*** Opening Collected data ***

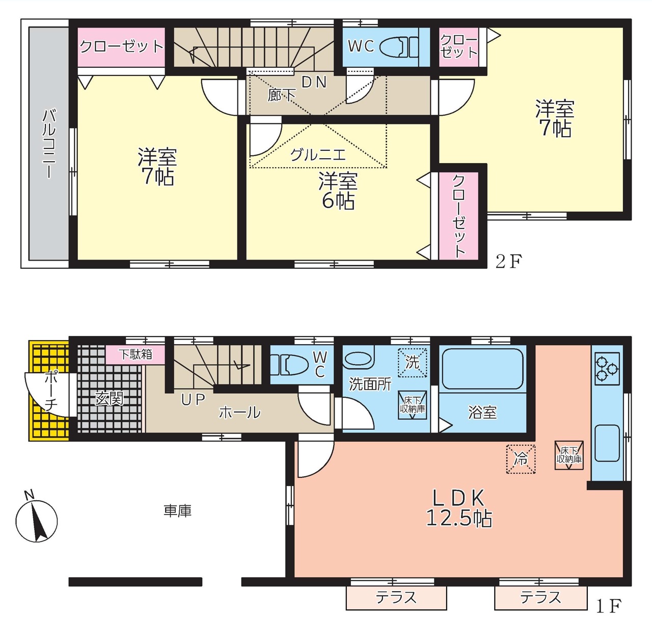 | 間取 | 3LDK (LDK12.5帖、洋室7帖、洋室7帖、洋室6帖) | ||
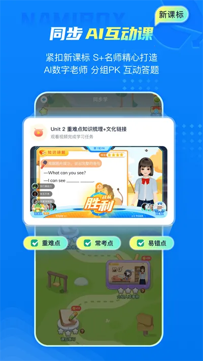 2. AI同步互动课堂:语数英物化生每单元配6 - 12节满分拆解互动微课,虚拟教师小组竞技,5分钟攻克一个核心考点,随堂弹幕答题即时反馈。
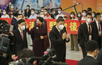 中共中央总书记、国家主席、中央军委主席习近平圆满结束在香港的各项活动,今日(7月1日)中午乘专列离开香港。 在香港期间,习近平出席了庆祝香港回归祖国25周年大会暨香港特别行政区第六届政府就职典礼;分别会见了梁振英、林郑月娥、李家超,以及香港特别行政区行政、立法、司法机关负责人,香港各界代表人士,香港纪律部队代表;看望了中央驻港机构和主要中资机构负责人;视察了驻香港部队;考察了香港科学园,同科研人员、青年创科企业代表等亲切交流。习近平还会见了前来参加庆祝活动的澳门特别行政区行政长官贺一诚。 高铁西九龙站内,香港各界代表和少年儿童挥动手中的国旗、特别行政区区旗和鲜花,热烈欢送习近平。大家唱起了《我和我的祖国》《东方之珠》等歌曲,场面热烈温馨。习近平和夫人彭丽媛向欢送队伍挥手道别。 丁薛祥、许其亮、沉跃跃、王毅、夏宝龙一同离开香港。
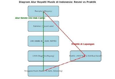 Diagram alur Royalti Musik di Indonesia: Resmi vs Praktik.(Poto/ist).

*** Closing Collected data ***

- [Task goal]: Without changing a single word, set down all of the material again and leave out its pictures.

- [Task result]:
 | 間取 | 3LDK (LDK12.5帖、洋室7帖、洋室7帖、洋室6帖) | ||
 2. AI同步互动课堂:语数英物化生每单元配6 - 12节满分拆解互动微课,虚拟教师小组竞技,5分钟攻克一个核心考点,随堂弹幕答题即时反馈。
 中共中央总书记、国家主席、中央军委主席习近平圆满结束在香港的各项活动,今日(7月1日)中午乘专列离开香港。 在香港期间,习近平出席了庆祝香港回归祖国25周年大会暨香港特别行政区第六届政府就职典礼;分别会见了梁振英、林郑月娥、李家超,以及香港特别行政区行政、立法、司法机关负责人,香港各界代表人士,香港纪律部队代表;看望了中央驻港机构和主要中资机构负责人;视察了驻香港部队;考察了香港科学园,同科研人员、青年创科企业代表等亲切交流。习近平还会见了前来参加庆祝活动的澳门特别行政区行政长官贺一诚。 高铁西九龙站内,香港各界代表和少年儿童挥动手中的国旗、特别行政区区旗和鲜花,热烈欢送习近平。大家唱起了《我和我的祖国》《东方之珠》等歌曲,场面热烈温馨。习近平和夫人彭丽媛向欢送队伍挥手道别。 丁薛祥、许其亮、沉跃跃、王毅、夏宝龙一同离开香港。
 Diagram alur Royalti Musik di Indonesia: Resmi vs Praktik.(Poto/ist).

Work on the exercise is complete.